■ WORK REQUIRED ■
Could you please retype exactly the lines from the start of the records below through the line that contains "Modern and minimal", both included, and leave out the pictures?

────────────────

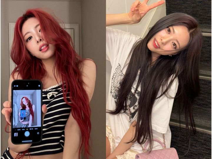 約半年に及ぶ赤髪を卒業し、ファンを驚かせたITZYユナ。腰まで伸びるロングヘアはそのままに、ダークアッシュカラーで印象をグッと落ち着かせて。
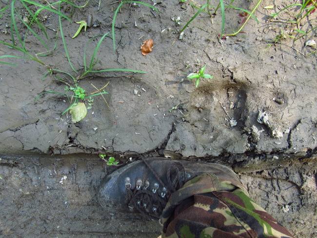 Information about animal tracking and signs of specific animal species (animal tracks, trails, specific behavior, scat).
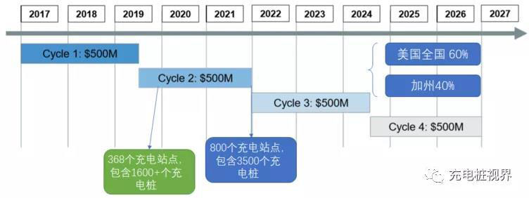 EA是在大眾汽車柴油門事件以后,大眾和EPA達(dá)成和解協(xié)議的一部分——必須在10年內(nèi)通過Electrify America在電動汽車基礎(chǔ)設(shè)施和意識教育方面花費(fèi)20億美元(40%用于加州,其他60%用于美國其他各地)。項目始于2017年,到2027年將包括四個周期,并且EA的網(wǎng)絡(luò)必須向其他車企保持中立,這些站點都提供CCS(150kW和350kW)和CHAdeMO(50kW)兩種充電接口。
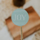 Modern and minimal but still totally festive, our holiday stickers feature "JOY" in white handwritten style block lettering on an icy mint green background, accented with thin crisscrossed bands of white at the top and bottom. Designed to match our Joyful Symmetry card collection.
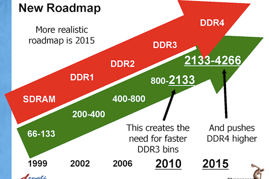 Des informations ont été dévoilées sur cette future norme lors de la conférence MemCon10 qui à eu lieu en juillet dernier. Doubler la bande passante disponible à une fréquence de cellule identique et baisser de la tension (de 1,5V à 1,2V et de 1,35V à 1,05V pour les basses tensions) sont les principaux objectifs de cette nouvelle version de la DDR.
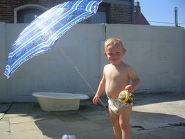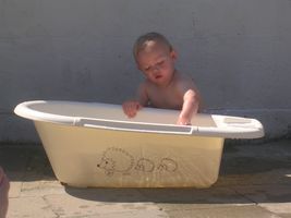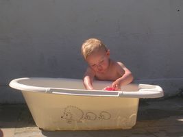 Hallokes allemaal, wij hebben vandaag genoten van een dagje vrijaf, jullie ook?! Eerst en vooral goed uitgeslapen, het was pas 9u dat we zijn opgestaan vanmorgen. We hebben gelijk onze kleren aangetrokken en met de fiets richting bakker en beenhouwer gereden. Eens thuis lekker gegeten en ons goed ingesmeerd met zonnecrème, zijn we weer op route getrokken met de fiets. Mjaja eens we hier wonen hebben we al meer de fiets genomen dan vroeger... en met dit lekkere weer is het dan ook héél plezant. We zijn weer den dijk opgetrokken en richting Sint-Amands gefietst, we hebben daar gezien waar we de volgende keer de overzet kunnen nemen en waar we ook eens een keertje met de boot de Schelde op kunnen. Maar allemaal voor de volgende keer, want het was stilaan tijd voor een tukie, want werd een beetje moe. Ons mama heeft dan ff in de tuin in het zonnetje gelegen, en vond het een beetje spijtig dat er nog geen zwembad was, mja we vinden het ni direct maar ze heeft er wel iets op gevonde hihi en ikke blij. De parasol hebben we gelukkig na ff zoeken ook gevonden, want het zonnetje zit een ganse namiddag op onze tuin dus schaduw moete we zelf maken. Voor het eten moest ik ff binnen blijven mocht mama beetje helpen met vanalles aangeven... mja en zo'ne kleine snotterd als ik vind zoiets nog plezant ook natuurlijk, mama helpen. En zij heeft het geweten ook een beetje later mocht ik mee helpen ramen en auto kuisen, met de spons spele, geweldig vind ik dat... en mama blij Dan nog even voor de tv knuffelen en hopla het was weer bedje in en hop naar morgen, slaap wellekes x
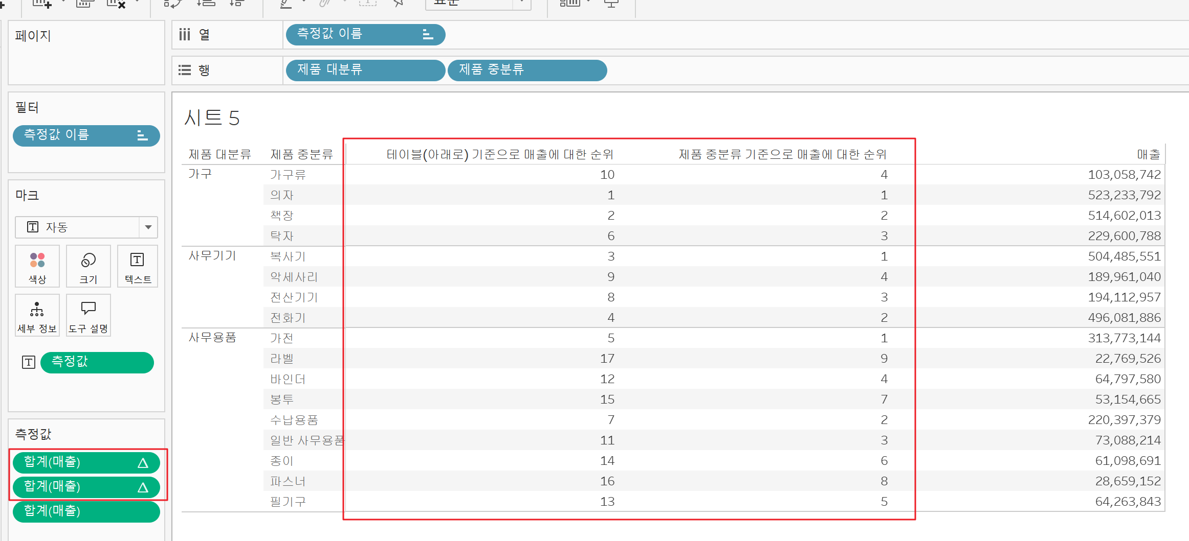 - 각 항목별 순위 혹은 대분류 내 중분류의 순위표현

────────────────

■ EXERCISE RESULT ■
 約半年に及ぶ赤髪を卒業し、ファンを驚かせたITZYユナ。腰まで伸びるロングヘアはそのままに、ダークアッシュカラーで印象をグッと落ち着かせて。
 Information about animal tracking and signs of specific animal species (animal tracks, trails, specific behavior, scat).
 EA是在大眾汽車柴油門事件以后,大眾和EPA達(dá)成和解協(xié)議的一部分——必須在10年內(nèi)通過Electrify America在電動汽車基礎(chǔ)設(shè)施和意識教育方面花費(fèi)20億美元(40%用于加州,其他60%用于美國其他各地)。項目始于2017年,到2027年將包括四個周期,并且EA的網(wǎng)絡(luò)必須向其他車企保持中立,這些站點都提供CCS(150kW和350kW)和CHAdeMO(50kW)兩種充電接口。
 Modern and minimal but still totally festive, our holiday stickers feature "JOY" in white handwritten style block lettering on an icy mint green background, accented with thin crisscrossed bands of white at the top and bottom. Designed to match our Joyful Symmetry card collection.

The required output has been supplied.